Double check and compare
anova(model.3, model.4)
Data: schoolsmoke.2
Models:
model.3: thk ~ cc.factor + prethk_cent + gprethk_cent + (1 | school)
model.4: thk ~ cc.factor + prethk_cent + gprethk_cent + prethk_cent:gprethk_cent +
model.4: (1 | school)
npar AIC BIC logLik deviance Chisq Df Pr(>Chisq)
model.3 6 4712.6 4744.9 -2350.3 4700.6
model.4 7 4702.9 4740.5 -2344.4 4688.9 11.764 1 0.000604 ***
---
Signif. codes: 0 ‘***’ 0.001 ‘**’ 0.01 ‘*’ 0.05 ‘.’ 0.1 ‘ ’ 1
With the interaction effect the model has a better fit which can be seen from the decrease in the AIC and the difference between models is significant.
interplot::interplot(model.4, var1 = "prethk_cent", var2 = "gprethk_cent")

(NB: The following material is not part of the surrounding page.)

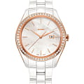 Аксессуар премиальной категории приковывает взгляды, оригинальный внешний вид очаровывает, хочется поближе рассмотреть каждую деталь. Перламутровый циферблат гармонирует с безелемБезельВнешний ободок, закрепляющий стекло. В спортивных часах так называется поворотное кольцо с делениями на циферблате, выполняет роль таймера – замеряет отрезки времени на шкале. Неподвижный безель – элемент декора. Однонаправленно вращающийся безель на дайверских часах позволяет фиксировать моменты погружения и выныривания на поверхность., декорированным 60-ю бриллиантами в 0,390 карат. Кварцевый калибр ETA 956.412. Стекло из сапфира имеет антибликовое покрытие. Корпус из плазменной керамикиВысокотехнологичная плазменная керамикаИнновационный материал, технология запатентована. Выплавление керамики осуществляется в печи при 20 000 °C, белоснежный материал под воздействием ультравысокой температуры приобретает уникальный блеск, присущий металлам. и нержавеющей стали с PVD-покрытиемPVDУльтратонкое покрытие наносится в технике вакуумного напыления, сочетает в себе нитрид титана особой прочности со слоем золота или оксида хрома. Несёт в себе декоративную или защитную функцию., керамический браслет со вставками из материала CeramosCeramosМатериал являет собой инновационное сочетание высокотехнологичной керамики и сплава металла. Он объединяет керамическую устойчивость к царапинам и металлический роскошный блеск. . Сохранение водонепроницаемости при давлении до 5 бар. . Индикация даты. Диаметр корпуса: 36 мм.
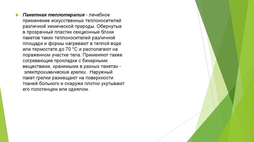 Пакетная теплотерапия - лечебноеприменение искусственных теплоносителей

This is asking how does the slope of individual previous knowledge change according to the schoolwide previous knowledge. In my model the moderating variable is the group level variable, because I want to consider how the context influences the individual. From this plot we can see that the schoolwide previous knowledge affects the slope of individual’s previous knowledge. When schoolwide previous knowledge is lowest an individual’s previous knowledge has a very small impact on tobacco knowledge. When schoolwide knowledge is highest an individual’s previous knowledge has a larger impact on tobacco knowledge.